14. Moreover, this deification and elevation of the spirit in God, whereby the soul is, as it were, rapt and absorbed in love, one with God, suffer it not to dwell upon any worldly matter. The soul is now detached, not only from all outward things, but even from itself: it is, as it were, undone, assumed by, and dissolved in, love -- that is, it passes out of itself into the Beloved. Thus the bride, in the Canticle, after speaking of her own transformation by love into the Beloved, expresses her state of ignorance by the words "I knew not."[223] The soul is now, in a certain sense, like Adam in paradise, who knew no evil. It is so innocent that it sees no evil; neither does it consider anything to be amiss. It will hear much that is evil, and will see it with its eyes, and yet it shall not be able to understand it, because it has no evil habits whereby to judge of it. God has rooted out of it those imperfect habits and that ignorance resulting from the evil of sin, by the perfect habit of true wisdom. Thus, also, the soul knows nothing on this subject.
15. Such a soul will scarcely intermeddle with the affairs of others, because it forgets even its own; for the work of the Spirit of God in the soul in which He dwells is to incline it to ignore those things which do not concern it, especially such as do not minister to edification. The Spirit of God abides within the soul to withdraw it from outward things rather than to lead it among them; and thus the soul knows nothing as it knew it formerly. We are not, however, to suppose that it loses the habits of knowledge previously acquired, for those habits are improved by the more perfect habit of supernatural knowledge infused, though these habits are not so powerful as to necessitate knowledge through them, and yet there is no reason why they should not do so occasionally.

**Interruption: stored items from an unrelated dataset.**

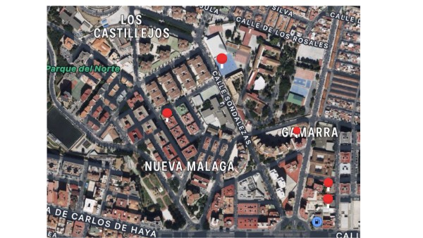 - Infraestructura:En estas instalaciones encontramos 2 pistas de fútbol sala, 2 pistas de minibasket, 1 pista de basket y un pabellón deportivo donde se hace multideporte y se colocan las dos pistas de voleibol. Además, encontramos una pista externa de voleibol y otra pista de basket detrás del pabellón. También cuentan con las instalaciones antiguas que consta de 2 pistas de fútbol sala, 1 de basket y otro pabellón. - Servicios básicos: No presenta parking, ya que el instituto consta solo de un parking para los profesores, pero es cierto que si van con el coche deben aparcar por las calles de Nueva Málaga. Sí presenta área de descanso que en este caso serían las gradas que hay en las pistas de fútbol, o los bancos que hay en el pabellón. Presenta vestuarios, tanto de chicos como chicas.
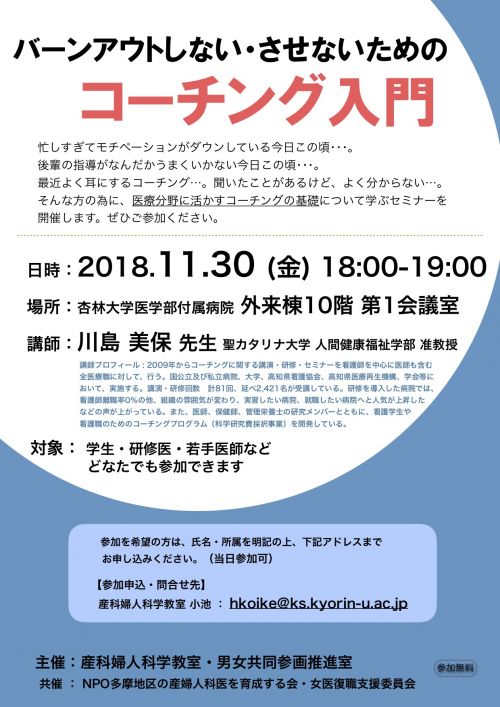 そんな方の為に、医療分野に活かすコーチングの基礎について学ぶセミナーを開催します。
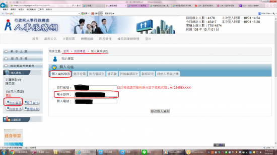 為使全國軍公教人員生活津貼申請暨稽核系統(AC)之家屬資料與人力資源管理資訊為系統(webHR)之表16家屬資料(含稱謂、姓名及身份證統一編號)正確對應,請本校公務人員透過個人資料服務網(MyData)就其個人資料進行檢視、比對與增刪校正,請查照。
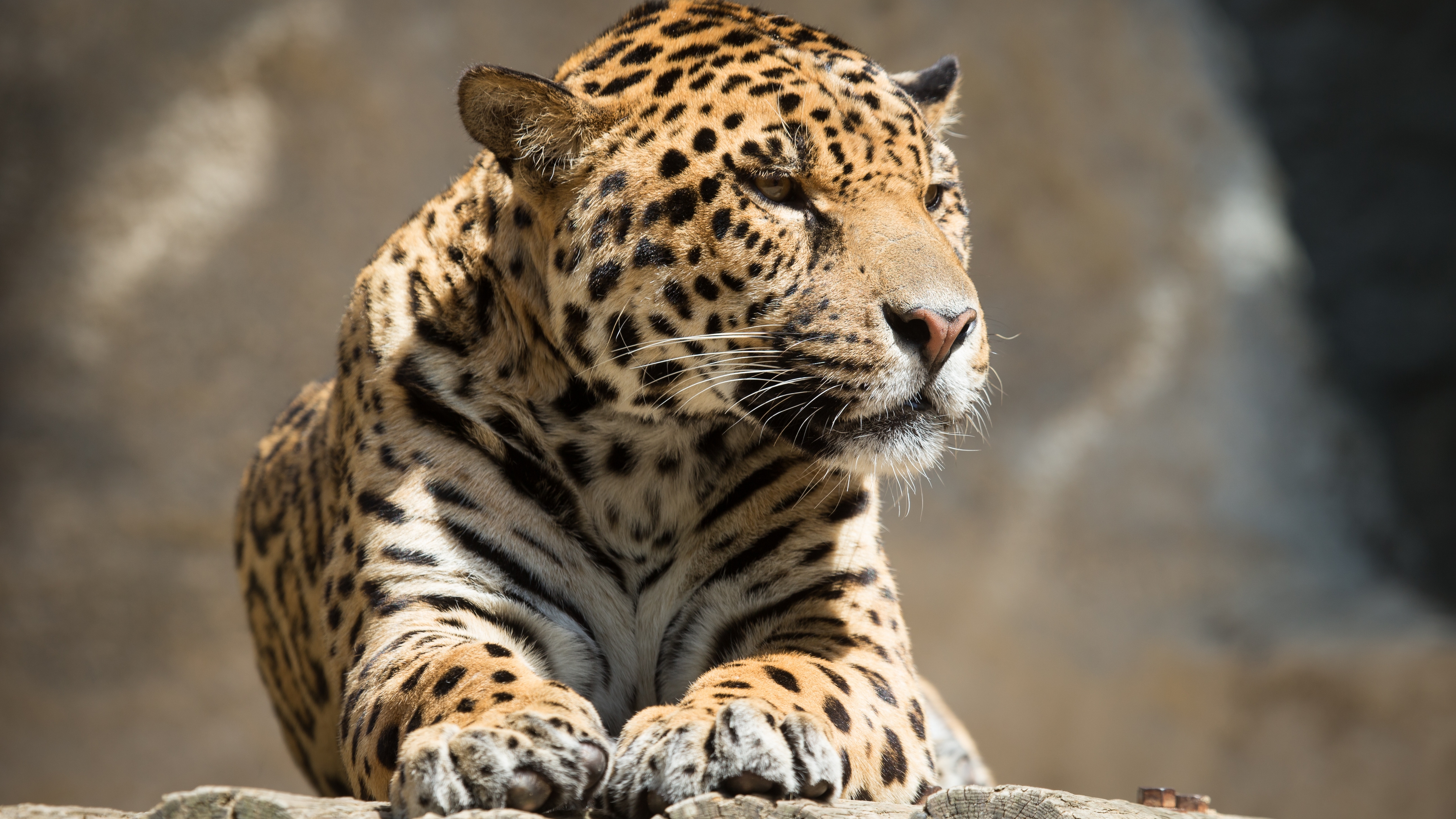Description: A large leopard laying on top of a rock covered ground next to a rock wall and a rock wall.
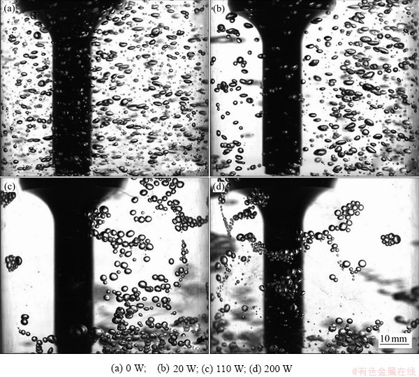 图5 超声处理3 s时不同超声功率对气泡聚集的影响[61]
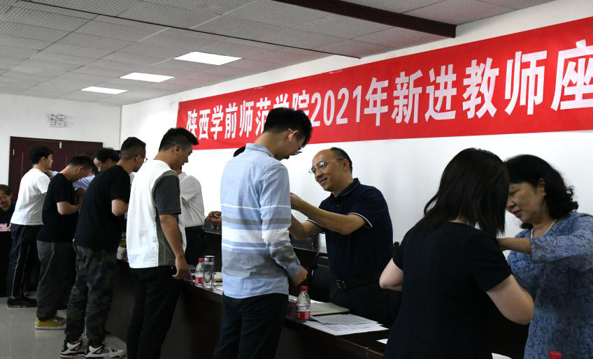 随后,由校领导为新进教师代表佩戴校徽。
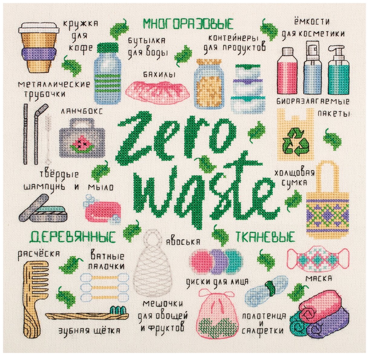В набор для вышивания "PANNA" входит: канва равномерного переплетения К27 Linda, игла для вышивания, хлопчатобумажные нитки мулине Gamma на держателе, подробная инструкция по вышиванию и цветная схема. Размер готовой работы 27.5 x 27.5 см (с учетом припусков на оформление).Общественное движение Zero Waste (дословно – «Ноль отходов») призывает людей сводить к минимуму отходы и прочий мусор. Для этого любые вещи и предметы следует использовать максимально возможное количество раз, а от многих из них просто отказываться. В основе практики Zero Waste лежит 5 основных принципов: Refuse – откажись от ненужного, Reduce – сократи потребление, Reuse – используй повторно, Recycle – перерабатывай, Rot – компостируй органику для удобрения почвы.
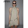 Zaprha 2025 Summer New Simple Sexy Neck Collar Backless Knitted Mini Short Dress 3991100
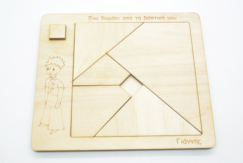 Μπομπονιέρα Ξύλινο παζλ Tangram με θέμα μικρός πρίγκιπας. Διάσταση 14 x 12 cm. Μπορεί να χαρακτεί όποιο θέμα θέλετε, αφιέρωση όπως και το όνομα του παιδιού σας. Έρχεται έτοιμο μέσα σε διάφανο σακουλάκι.
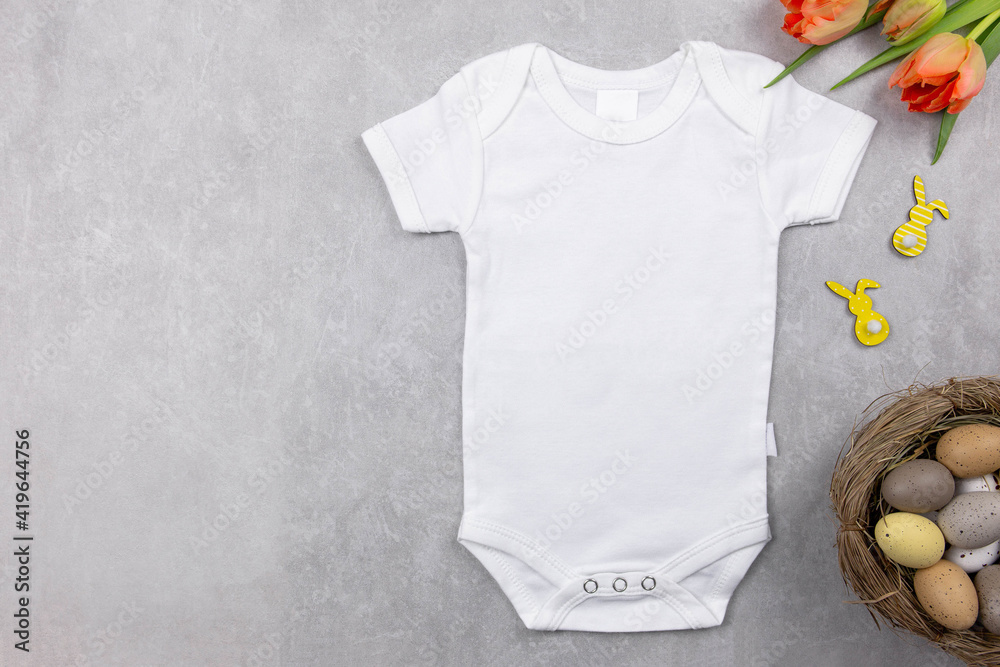 White baby girl or boy bodysuit mockup on the gray concrete background with tulips flowers and easter decoration. Design onesie template, print presentation mock up. Top view. Flat Lay. Copy space.
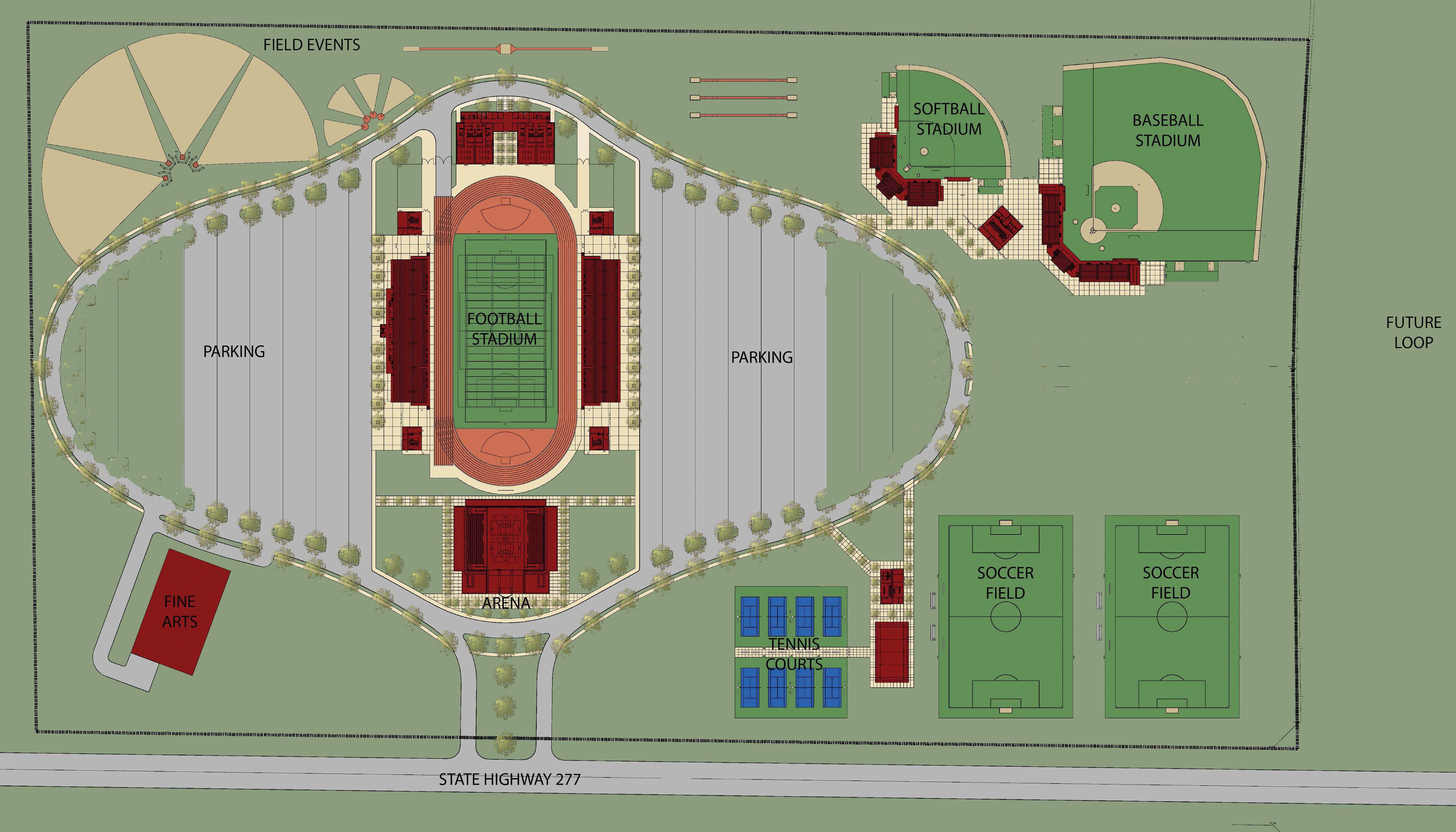 In 2007, the voters of Eagle Pass passed a bond issuance for the construction of a new student activity complex. The complex includes a football stadium, baseball stadium, softball stadium, soccer fields, tennis courts, and a gymnasium. This project was designed in association with Kell Munoz Architects in San Antonio.

16. In this union of the divine wisdom, these habits are united with the higher wisdom of other knowledge, as a little light with another which is great; it is the great light that shines, overwhelming the less, yet the latter is not therefore lost, but rather perfected, though it is not the light which shines pre-eminently. Thus, I imagine, will it be in heaven; the acquired habits of knowledge in the just will not be destroyed, though they will be of no great importance there, seeing that the just will know more in the divine wisdom than by the habits acquired on earth.
17. But the particular notions and forms of things, acts of the imagination, and every other apprehension having form and figure are all lost and ignored in this absorbing love, and this for two reasons. First, the soul cannot actually attend to anything of the kind, because it is actually absorbed by this draught of love. Secondly, and this is the principal reason, its transformation in God so conforms it to His purity and simplicity -- for there is no form or imaginary figure in Him -- as to render it pure, cleansed and empty of all the forms and figures it entertained before, being now purified and enlightened in simple contemplation. All spots and stains in the glass become invisible when the sun shines upon it, but they appear again as soon as the light of the sun is withheld.
18. So is it with the soul; while the effects of this act of love continue, this ignorance continues also, so that it cannot observe anything in particular until these effects have ceased. Love has set the soul on fire and transmuted it into love, has annihilated it and destroyed it as to all that is not love, according to the words of David: "My heart has been inflamed, and my reins have been changed; and I am brought to nothing, and I knew not."[224] The changing of the reins, because the heart is inflamed, is the changing of the soul, in all its desires and actions, in God, into a new manner of life, the utter undoing and annihilation of the old man, and therefore the prophet said that he was brought to nothing and knew not.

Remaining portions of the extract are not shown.